One of the major changes that is about to occur in England is the centralization of genomic testing of all solid tumors into 7 genomics laboratory hubs, GLHs. And this is driven by NHS [National Health Service] England and is a very ambitious, laudable plan. Because of course it will bring economies of scale; it will bring uniformed technology; it will bring uniformity of standards and quality assurance. And there are clearly advantages. However, it will inevitably dismantle some of the very well-established and very efficient more local networks, which have been developed over the last decade since we first started profiling non—small cell lung cancer and which actually work very efficiently. They might not use the latest NGS [next-generation sequencing] technology.

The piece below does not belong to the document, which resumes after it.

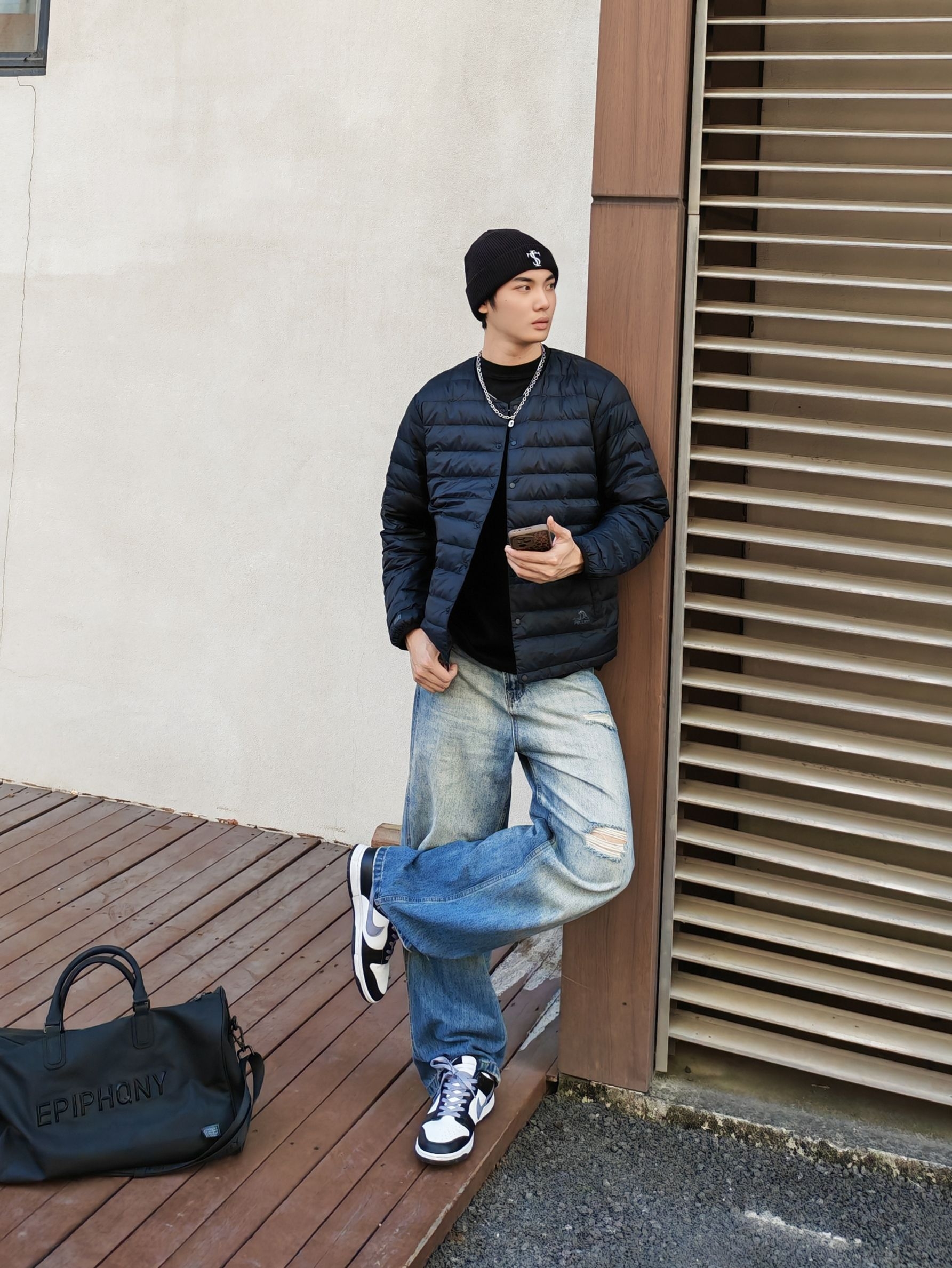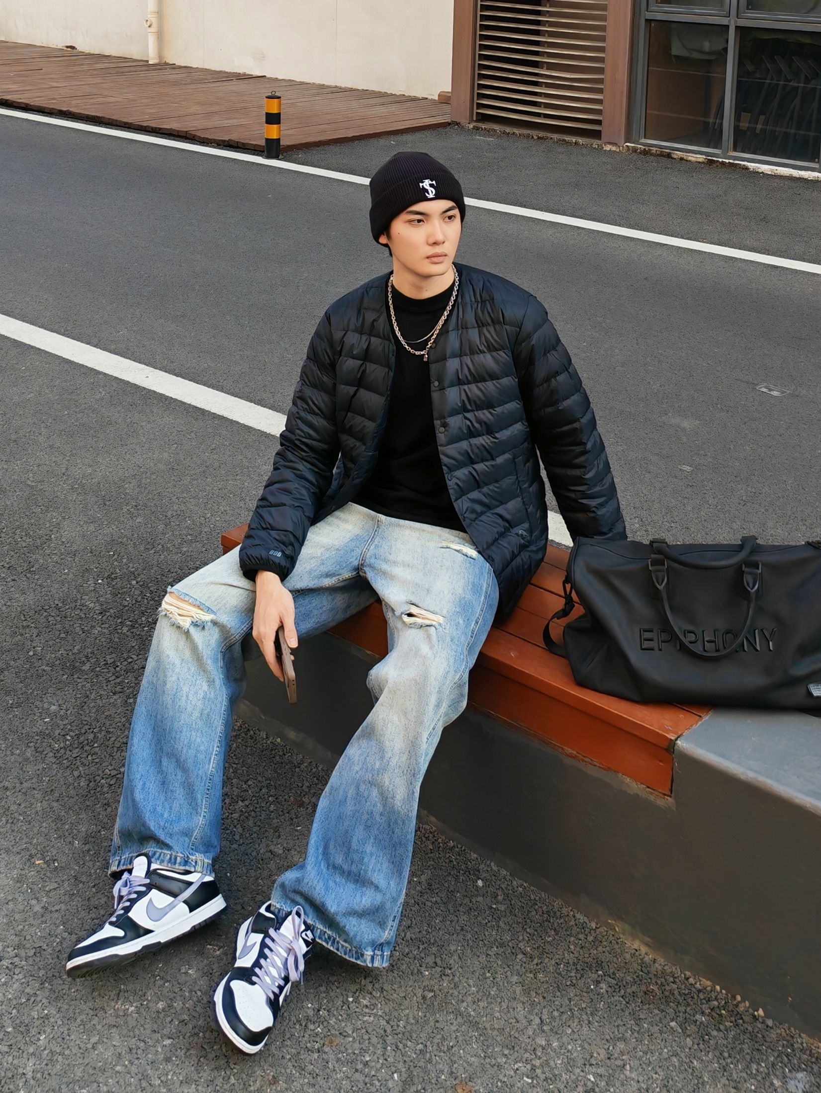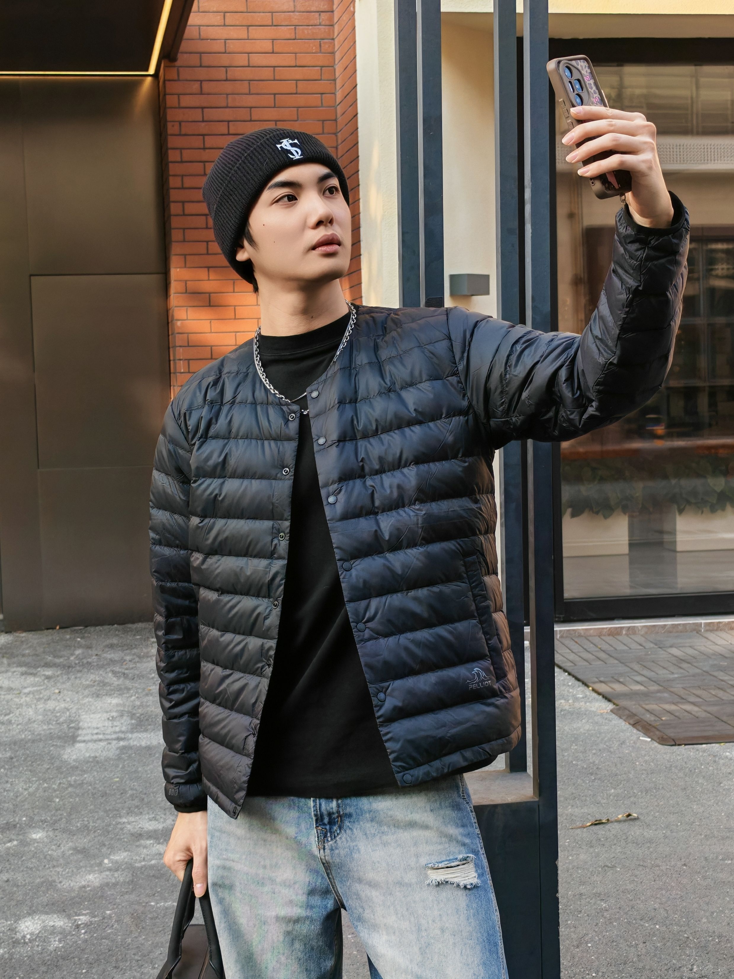 hi 这里是镭子的冬季穿搭分享 这个冬天拒绝臃肿!黑T打底+#PELLIOT 轻薄排骨鹅绒服,保暖又时尚,利落不压身。 做旧破洞阔腿裤拉满松弛感,冷帽+AJ1收尾街头感直接到位。 这套日常出街、通勤都适配,怕冷还能叠穿卫衣,细节里的小心思让造型更耐看~

They might use single-gene testing as we do in Liverpool, but they are very efficient and very quick, and they’re very flexible.

And I’m concerned that when this change takes place, at least for a while, there will be quite severe disruptions to the smooth running of these local networks. And now of course that’s sort of a local organization. It’s not present everywhere across England; it’s very patchy. And centralization in some areas will bring enormous advantages, where there have been problems over the last 10 years, because there has not been an integrated system for testing.

But we have to be careful that we don’t throw the baby out with the bathwater here, if I can put it that way. And there are other problems. For example, NGS technology tends to require more tissue than single-gene testing, and we all are aware that the specimens that we often get to test as pathologists are very small. And the advances in the techniques used to get them, like EBUS [endobronchial ultrasound], radiological sounds, bronchoscopy, and even aspiration of lymph nodes, that have developed over the last decade tend to get small specimens.

Therefore, we have to try to manage that. And inevitably, because of centralization and large-panel testing, the turnaround time will increase. It will be less efficient. So there are disadvantages to this. And currently this change, this transition, is projected to take place on April 1, 2020. This is imminent, and I’m not entirely sure there’s a general awareness about what’s happening here. It’s a laudable plan, and it’s extremely ambitious. But I think we have to be aware that for a while, at least, this might cause some quite significant disruptions with the well-organized, more local testing that’s established in large parts of England.